CLOCK TREE BEGIN AND END


Clock tree begins at SDC (Synopsys Design Constraints) defined clock source
Clock tree ends at clock pins of FF or hard macros or input pins of combinational logic also.

Terminologies and Definitions in CTS


 Stop (Sync) Pins: All clock pins of FF are called as Stop (Sync) Pins. The clock signal
should not propagate after reaching the syc/stop pin. This pin needs to be considered for
building the clock tree.
 Exclude (Ignore) pins: All non-clock pins such as D pin of FF or combo logic’s inputs
are called as Exclude (Ignore) pins. These pins are need not to be considered during the
clock tree propagation.
 Float (Implicit stop or macro model) pins: This is same as sync or stop pin but internal
clock latency of that pin is taken into consideration while building the clock tree. Its a clock
entry pin of hard macros and it needs to be considered while building the clock tree. But
before considering this as sync pin, the macro’s internal tree needs to be balanced.
 Explicit sync (stop) pins: Input of a combo logic is considered while building the clock
tree. Mostly this comes to picture whenever clock gating concept is used.
 Explicit Exclude (Ignore) pins: Clock pin of a flip flop is not considered as sync/stop pin.
This is also again due to the use of clock gating concept. Because while gating the clock,
the clock signal will be given to and gate.

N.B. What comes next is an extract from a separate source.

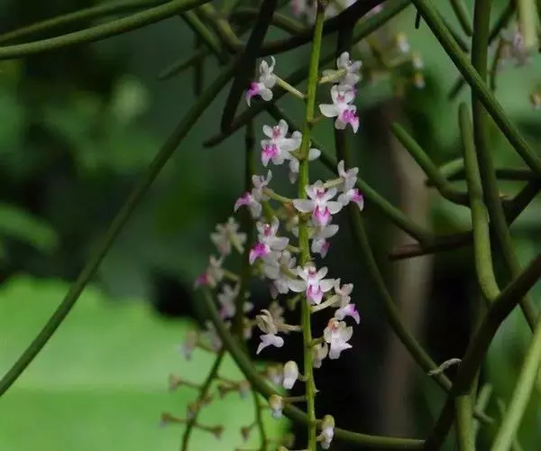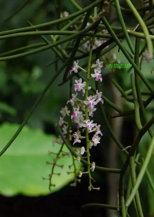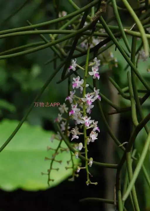 红花隔距兰 Garay):植株通常悬垂。茎细圆柱形,长达70厘米,粗3-4毫米,分枝或不分枝,…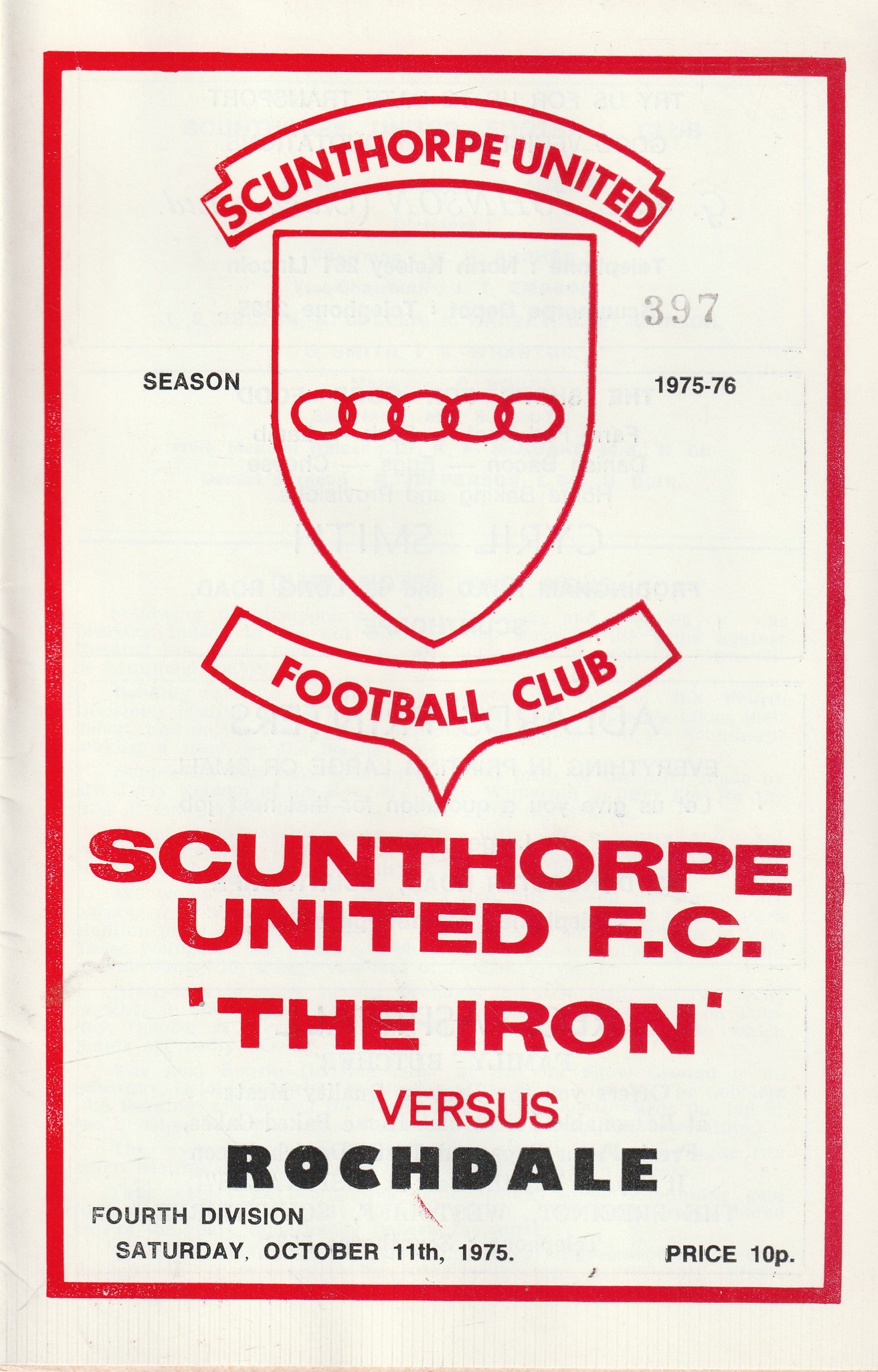 Match: Scunthorpe United v Rochdale Competition: League Division 4 Date: 11-Oct-1975 Comments: Rating: 4 Condition: Very good Weight in grams: 60

Figure 1: CTS Terminologies


For synchronized designs, data transfer between functional elements are synchronized by clock
signals. In a top level digital design, you will have one more clock sources, like PLLs or
oscillators within the chip. You may also have an external clock source connection through an
IO. For a digital only block, you will have a clock pin that will be the clock source for the
block in question. Clock balancing is important for meeting the design constraints and clock
tree synthesis is done after placement to achieve the performance goals.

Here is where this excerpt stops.